Plants and pollinators rely on one another for survival – just as pollinators such as bumblebees depend on flowers for nutrition, plants need pollinators to reproduce.

This relationship is shown by the simultaneous emergence of hibernating insects and blossoms during the spring.

But the effects of human-induced climate change can raise average temperatures earlier and throw the fragile arrangement off balance, making them out of sync.

For instance, warming early season temperatures could cause pollinators to wake up too soon, before the springtime bloom and without a source of food.

In experiments, the researchers discovered an adaptive strategy used by food-deprived bumblebees to manipulate the timing of a plant’s flowering.

The team observed bumblebee workers that had been starved on pollen colonies use their mouthparts to cut distinctively shaped holes in the leaves of flowering plants. 

Bee damaged plants flowered about two weeks earlier than undamaged plants in one species, the mustard plant, and nearly a month earlier in another, the tomato plant.  

Although they were unable to pin down a reason why, it was likely due to the unique symbiosis between bee and plant – one that couldn’t be triggered by a human to the same extent.

The authors were not able to reproduce the effects by mimicking the damage on their own, which suggests an as yet unknown feature distinct to the bees’ approach.

‘We tested plants that we damaged mechanically, using forceps and razor blades, to try and mimic the bee damage as closely as possible,’ said Dr Mescher. 

‘That treatment caused slightly earlier flowering in both species, but not nearly as dramatic as the effect of bee damage.’

The team say their results, published in Science, reveal bumblebees as ‘powerful agents’ in influencing the local availability of floral resources.

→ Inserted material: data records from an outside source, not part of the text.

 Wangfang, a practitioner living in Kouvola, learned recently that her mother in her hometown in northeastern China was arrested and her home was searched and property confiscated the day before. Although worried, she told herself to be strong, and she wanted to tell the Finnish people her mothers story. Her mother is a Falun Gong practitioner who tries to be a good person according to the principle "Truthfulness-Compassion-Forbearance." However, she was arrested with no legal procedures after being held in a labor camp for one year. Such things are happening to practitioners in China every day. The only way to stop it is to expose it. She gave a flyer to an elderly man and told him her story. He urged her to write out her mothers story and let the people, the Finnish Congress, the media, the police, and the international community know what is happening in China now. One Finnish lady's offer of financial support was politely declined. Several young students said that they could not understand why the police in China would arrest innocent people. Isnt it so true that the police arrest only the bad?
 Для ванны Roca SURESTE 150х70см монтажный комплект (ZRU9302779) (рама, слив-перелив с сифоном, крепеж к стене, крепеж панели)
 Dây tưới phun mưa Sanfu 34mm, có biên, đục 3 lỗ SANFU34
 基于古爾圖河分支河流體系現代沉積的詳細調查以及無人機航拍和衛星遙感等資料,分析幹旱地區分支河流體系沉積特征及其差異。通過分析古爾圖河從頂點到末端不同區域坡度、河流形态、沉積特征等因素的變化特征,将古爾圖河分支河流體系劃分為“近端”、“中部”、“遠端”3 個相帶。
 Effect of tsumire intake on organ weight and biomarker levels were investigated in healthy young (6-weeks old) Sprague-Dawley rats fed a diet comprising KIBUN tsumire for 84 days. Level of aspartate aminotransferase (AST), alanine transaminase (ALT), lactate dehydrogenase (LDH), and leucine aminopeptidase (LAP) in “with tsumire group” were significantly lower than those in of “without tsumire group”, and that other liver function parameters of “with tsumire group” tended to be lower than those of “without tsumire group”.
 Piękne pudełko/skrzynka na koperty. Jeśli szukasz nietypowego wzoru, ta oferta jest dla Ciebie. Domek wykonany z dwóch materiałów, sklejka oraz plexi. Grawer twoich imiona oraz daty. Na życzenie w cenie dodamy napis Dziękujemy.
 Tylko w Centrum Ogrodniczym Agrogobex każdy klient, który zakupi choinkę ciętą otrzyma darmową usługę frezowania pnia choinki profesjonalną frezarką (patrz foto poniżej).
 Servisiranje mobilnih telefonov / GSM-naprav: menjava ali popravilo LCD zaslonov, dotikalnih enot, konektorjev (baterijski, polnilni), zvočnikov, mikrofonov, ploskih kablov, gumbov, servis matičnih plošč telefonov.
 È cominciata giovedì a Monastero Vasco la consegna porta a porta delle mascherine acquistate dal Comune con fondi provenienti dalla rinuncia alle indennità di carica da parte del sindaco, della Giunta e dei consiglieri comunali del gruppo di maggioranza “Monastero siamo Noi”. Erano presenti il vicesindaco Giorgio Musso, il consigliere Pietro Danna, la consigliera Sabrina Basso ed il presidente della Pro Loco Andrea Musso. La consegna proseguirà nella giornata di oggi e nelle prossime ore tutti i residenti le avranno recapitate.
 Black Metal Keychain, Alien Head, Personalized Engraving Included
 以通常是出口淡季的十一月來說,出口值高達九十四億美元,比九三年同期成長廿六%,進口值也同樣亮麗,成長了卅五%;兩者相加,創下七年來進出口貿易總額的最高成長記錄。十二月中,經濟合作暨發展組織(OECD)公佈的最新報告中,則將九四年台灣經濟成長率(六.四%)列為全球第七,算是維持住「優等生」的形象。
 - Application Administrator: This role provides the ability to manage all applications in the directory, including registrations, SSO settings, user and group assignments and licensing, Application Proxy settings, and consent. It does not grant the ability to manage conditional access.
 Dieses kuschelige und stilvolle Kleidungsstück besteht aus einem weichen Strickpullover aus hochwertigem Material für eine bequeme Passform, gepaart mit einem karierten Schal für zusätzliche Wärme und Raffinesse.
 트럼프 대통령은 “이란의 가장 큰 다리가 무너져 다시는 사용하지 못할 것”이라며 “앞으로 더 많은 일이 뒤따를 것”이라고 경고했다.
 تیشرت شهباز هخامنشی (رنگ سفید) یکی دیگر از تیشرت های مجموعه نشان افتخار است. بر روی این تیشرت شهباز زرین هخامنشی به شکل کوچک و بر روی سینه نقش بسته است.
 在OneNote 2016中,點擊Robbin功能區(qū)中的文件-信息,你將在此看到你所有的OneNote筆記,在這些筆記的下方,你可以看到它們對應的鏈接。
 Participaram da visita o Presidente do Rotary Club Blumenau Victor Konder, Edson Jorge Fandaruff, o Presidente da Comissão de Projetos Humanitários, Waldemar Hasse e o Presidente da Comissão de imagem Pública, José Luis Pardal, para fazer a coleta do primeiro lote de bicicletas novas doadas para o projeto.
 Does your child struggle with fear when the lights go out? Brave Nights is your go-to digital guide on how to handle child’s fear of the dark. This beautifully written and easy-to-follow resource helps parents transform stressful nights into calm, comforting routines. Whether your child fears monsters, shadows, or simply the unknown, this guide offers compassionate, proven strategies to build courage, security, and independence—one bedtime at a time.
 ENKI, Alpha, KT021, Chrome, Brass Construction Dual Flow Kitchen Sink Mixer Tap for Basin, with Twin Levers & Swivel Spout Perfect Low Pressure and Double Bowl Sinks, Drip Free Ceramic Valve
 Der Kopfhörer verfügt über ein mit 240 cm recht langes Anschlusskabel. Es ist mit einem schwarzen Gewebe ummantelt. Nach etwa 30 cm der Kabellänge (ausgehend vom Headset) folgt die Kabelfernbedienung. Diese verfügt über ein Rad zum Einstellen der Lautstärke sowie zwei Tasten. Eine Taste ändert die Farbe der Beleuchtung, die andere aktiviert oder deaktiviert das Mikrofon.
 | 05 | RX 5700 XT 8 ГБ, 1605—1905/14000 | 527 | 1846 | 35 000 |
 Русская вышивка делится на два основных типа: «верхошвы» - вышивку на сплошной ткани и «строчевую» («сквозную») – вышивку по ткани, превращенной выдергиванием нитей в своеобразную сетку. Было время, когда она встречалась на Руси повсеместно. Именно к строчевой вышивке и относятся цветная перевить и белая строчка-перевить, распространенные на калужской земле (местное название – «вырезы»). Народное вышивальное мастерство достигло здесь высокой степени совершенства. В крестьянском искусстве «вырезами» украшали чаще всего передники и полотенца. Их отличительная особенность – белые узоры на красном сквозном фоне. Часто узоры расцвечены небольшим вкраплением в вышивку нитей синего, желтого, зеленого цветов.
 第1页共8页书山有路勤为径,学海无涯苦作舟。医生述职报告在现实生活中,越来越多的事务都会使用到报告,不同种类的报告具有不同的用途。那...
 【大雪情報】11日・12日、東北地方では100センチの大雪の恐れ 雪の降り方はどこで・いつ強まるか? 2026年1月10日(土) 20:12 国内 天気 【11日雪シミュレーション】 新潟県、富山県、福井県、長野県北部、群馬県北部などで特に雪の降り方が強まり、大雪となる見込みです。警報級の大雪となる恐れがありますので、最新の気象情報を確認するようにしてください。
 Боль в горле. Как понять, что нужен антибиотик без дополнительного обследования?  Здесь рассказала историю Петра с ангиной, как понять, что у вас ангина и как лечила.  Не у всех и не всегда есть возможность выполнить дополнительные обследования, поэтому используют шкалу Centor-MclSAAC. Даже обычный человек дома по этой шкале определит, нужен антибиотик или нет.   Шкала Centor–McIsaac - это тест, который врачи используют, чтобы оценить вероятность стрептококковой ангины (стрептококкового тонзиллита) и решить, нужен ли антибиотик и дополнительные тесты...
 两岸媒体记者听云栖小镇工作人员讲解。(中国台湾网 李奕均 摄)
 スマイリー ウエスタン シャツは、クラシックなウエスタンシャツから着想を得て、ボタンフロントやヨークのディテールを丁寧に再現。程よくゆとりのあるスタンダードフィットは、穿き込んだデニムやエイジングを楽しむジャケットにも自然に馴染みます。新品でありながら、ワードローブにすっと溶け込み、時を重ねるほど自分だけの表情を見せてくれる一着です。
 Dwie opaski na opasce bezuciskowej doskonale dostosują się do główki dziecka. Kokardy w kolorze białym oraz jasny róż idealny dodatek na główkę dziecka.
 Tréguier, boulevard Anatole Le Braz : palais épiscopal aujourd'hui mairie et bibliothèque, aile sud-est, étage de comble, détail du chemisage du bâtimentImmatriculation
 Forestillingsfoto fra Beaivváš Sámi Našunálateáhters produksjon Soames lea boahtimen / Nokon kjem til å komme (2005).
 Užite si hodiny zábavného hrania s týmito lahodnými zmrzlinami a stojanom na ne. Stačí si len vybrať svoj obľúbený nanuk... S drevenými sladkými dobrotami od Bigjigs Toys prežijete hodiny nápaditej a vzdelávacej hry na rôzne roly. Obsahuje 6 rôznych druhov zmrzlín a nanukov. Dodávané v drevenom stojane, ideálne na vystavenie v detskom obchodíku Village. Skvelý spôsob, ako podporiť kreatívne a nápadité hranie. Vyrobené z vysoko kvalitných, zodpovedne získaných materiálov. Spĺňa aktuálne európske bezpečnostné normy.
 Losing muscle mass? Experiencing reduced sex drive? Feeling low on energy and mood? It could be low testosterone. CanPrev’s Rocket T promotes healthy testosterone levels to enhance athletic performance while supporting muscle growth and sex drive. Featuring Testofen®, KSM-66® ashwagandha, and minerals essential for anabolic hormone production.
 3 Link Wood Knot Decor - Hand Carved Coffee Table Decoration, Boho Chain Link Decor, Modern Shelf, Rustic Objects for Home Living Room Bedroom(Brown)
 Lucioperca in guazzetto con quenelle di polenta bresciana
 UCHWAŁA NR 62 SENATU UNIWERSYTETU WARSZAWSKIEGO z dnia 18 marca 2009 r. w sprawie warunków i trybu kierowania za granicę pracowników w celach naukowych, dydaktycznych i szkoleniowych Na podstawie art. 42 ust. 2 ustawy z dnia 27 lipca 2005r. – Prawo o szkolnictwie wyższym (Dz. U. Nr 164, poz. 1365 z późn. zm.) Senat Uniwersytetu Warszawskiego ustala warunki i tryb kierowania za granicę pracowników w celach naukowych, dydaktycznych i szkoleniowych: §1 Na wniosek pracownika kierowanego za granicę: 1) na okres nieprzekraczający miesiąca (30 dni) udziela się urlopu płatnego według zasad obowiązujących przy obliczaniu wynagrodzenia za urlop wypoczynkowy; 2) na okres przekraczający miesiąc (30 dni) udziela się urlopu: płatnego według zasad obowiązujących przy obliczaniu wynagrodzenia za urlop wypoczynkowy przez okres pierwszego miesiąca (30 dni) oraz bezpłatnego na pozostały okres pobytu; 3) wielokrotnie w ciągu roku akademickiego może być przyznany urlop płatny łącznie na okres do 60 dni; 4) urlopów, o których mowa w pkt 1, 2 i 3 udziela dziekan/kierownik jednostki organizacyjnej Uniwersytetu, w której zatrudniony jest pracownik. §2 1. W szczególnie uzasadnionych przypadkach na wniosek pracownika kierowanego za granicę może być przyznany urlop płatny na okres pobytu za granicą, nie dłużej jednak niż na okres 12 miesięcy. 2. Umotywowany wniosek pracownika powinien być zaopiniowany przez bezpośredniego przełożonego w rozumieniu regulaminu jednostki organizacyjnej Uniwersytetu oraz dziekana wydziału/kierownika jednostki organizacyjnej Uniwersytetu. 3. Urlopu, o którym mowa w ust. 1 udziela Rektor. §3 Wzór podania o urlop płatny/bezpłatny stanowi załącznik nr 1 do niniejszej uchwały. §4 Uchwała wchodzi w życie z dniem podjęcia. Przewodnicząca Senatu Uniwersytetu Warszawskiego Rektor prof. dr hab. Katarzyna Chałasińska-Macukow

Professor Lars Chittka, a German zoologist at Queen Mary University of London, who was not involved in our research, has authored a perspective piece about the research that appears in the same issue of Science, interpreting the possible ‘secret lives of bees as horticulturists’. 

‘An encouraging interpretation of the new findings is that behavioural adaptations of flower-visitors can provide pollination systems with more plasticity and resilience to cope with climate change than hitherto suspected,’ he said.

‘Understanding the molecular pathways by which one could accelerate flowering by a full month, as reported, would be a horticulturalist’s dream.’

Over the last few years, flowers blooming early has also recently been a sign that spring has sprung much sooner.

This suggests that flowers could have a set of coping strategies in case the reverse happens – flowers bloom before the appearance of pollinators. 

‘This is likely often the case, although effects can vary from place to place,’ Dr Mescher told MailOnline.   

‘The more general point is that environmental change may lead to less predictable conditions and may tend to disrupt the timing of interactions between plants and pollinators.

‘In such cases, the existence of interactions like this, involving direct communication between the bees and plants could tend to enhance the resilience of these interactions to climate change or other forms of environmental disturbance.’  

A report from last year revealed climate change is shifting spring forward in the UK and disrupting life cycles of ecosystems.

Aphids, moths and butterflies are now flying and birds are laying eggs much earlier than in the mid-20th century, according to the 50-year study in Global Change Biology.

Climate scientists warned that variations in how animals were shifting their behaviour means wildlife could get out of kilter with life cycles of other species. 

Habitat will not provide a ‘buffer’ to rising temperatures, it said, although the amount an ecosystem changes depends on where they are in the world and which habitat they live in.